The Fed is also responsible for fighting inflation, but has expressed little concern about that so far this year. Though the CPI data were unexpectedly strong Wednesday, the government said last week that wholesale prices fell in June.
"We would really have to see some more persistent kinds of problems" before sounding alarms about inflation, Robert Brusca, chief economist with Ecobest Consulting, told CNNfn's Before Hours program. "The headline numbers are not that ill-behaved that we would be concerned about it at this point."
In Wednesday's report, the government said consumer energy prices fell 0.9 percent in June, though they still were up 11.8 percent for the year.
The cost of electricity jumped 3.8 percent in June, the largest increase on record. But natural gas prices fell 5.6 percent, the largest decline on record.

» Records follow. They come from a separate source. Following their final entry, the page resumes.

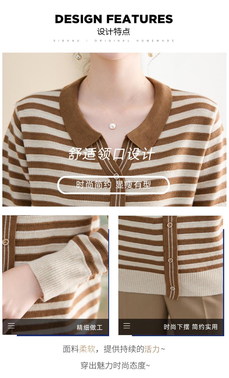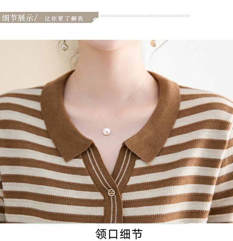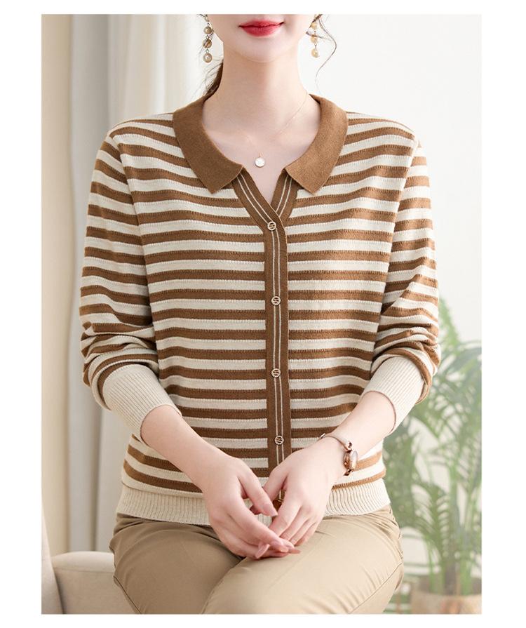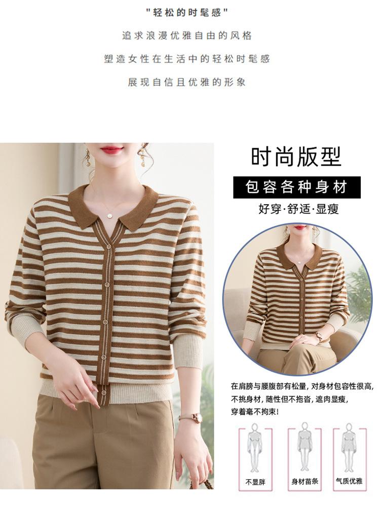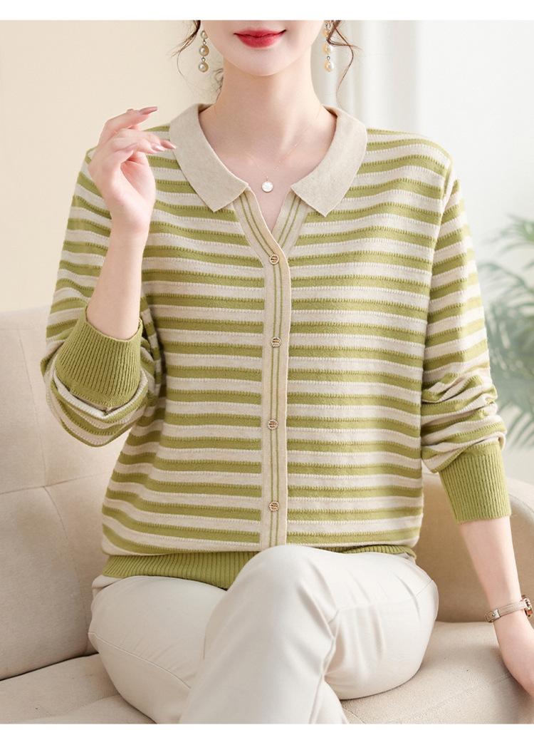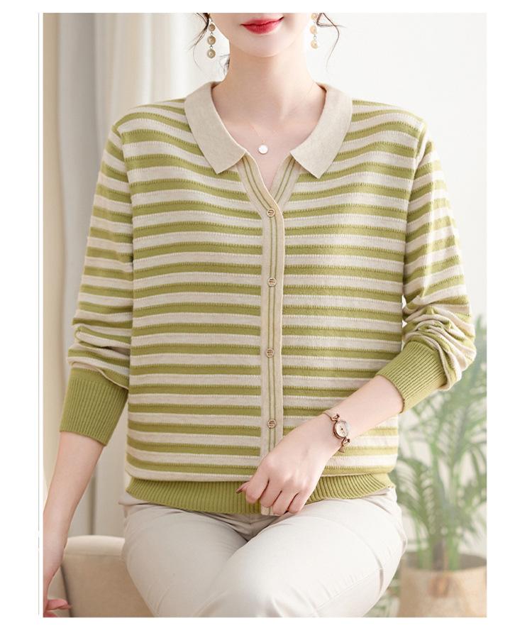 Blusa de Punto a Rayas de Moda de Otoño Temprano para Mamá con Cuello Vuelto Camisa Base Fina para Primavera/Otoño para Mujeres de Mediana Edad y Mayores Suéter
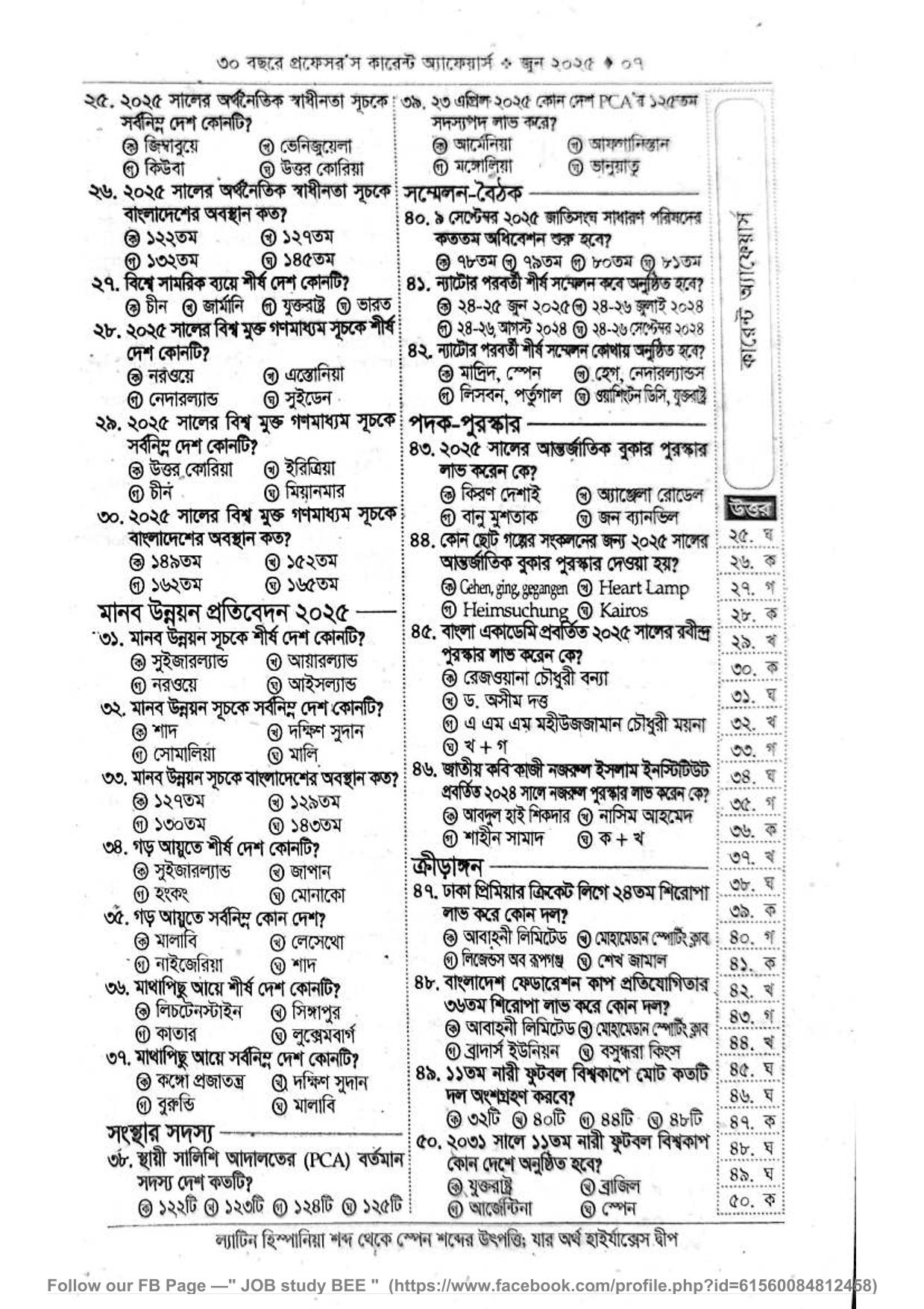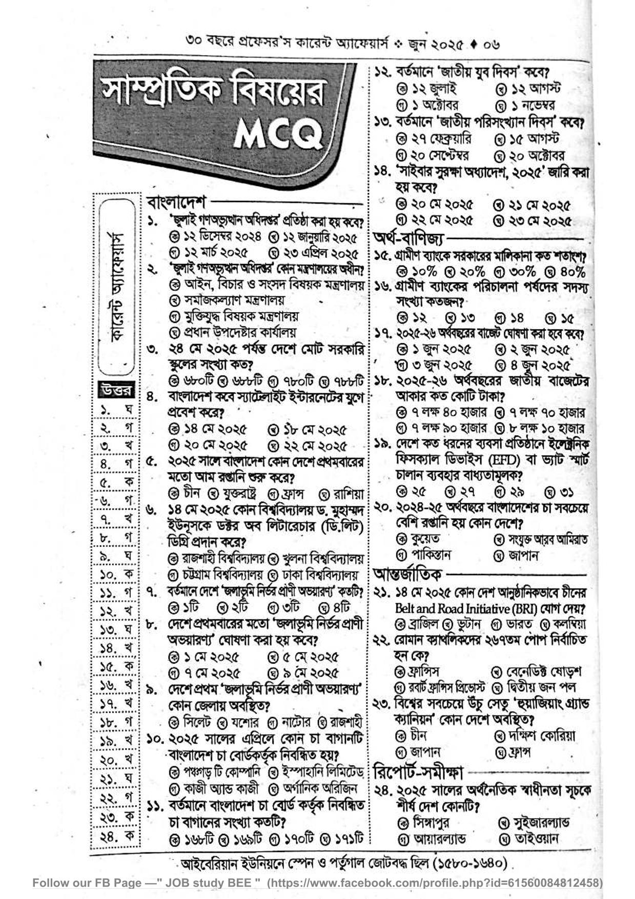 সাম্প্রতিক বিষয়ের এমসিকিউঃ জুন ২০২৫
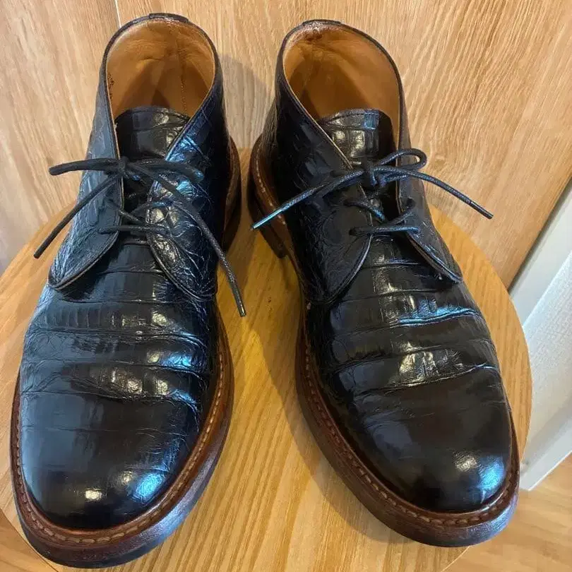 트리커스의 처카 부츠입니다. 악어 엠보싱으로 독특한 에이징을 즐길 수 있는 한 켤레라고 생각합니다. 매끄러운 가죽 등에 질린 분들에게는 어떨까요? 사이즈는 8-5입니다. 기본적으로 노클레임/노리턴으로 부탁드립니다.

The cost of gasoline fell 2.6 percent, the best showing since March's 3.8-percent drop.
Fed cuts GDP outlook
Emphasizing its worries about continued economic weakness, Fed policy-makers Wednesday cut their forecast for economic growth in 2001, as measured by Gross Domestic Product (GDP).
The Fed cut its forecast for 2001 economic growth to a range between 1 and 2 percent, from its earlier estimate of between 2 and 2.75 percent.
The Fed predicted the economy would rebound to a stronger rate of growth in the range of 3 to 3.5 percent in 2002.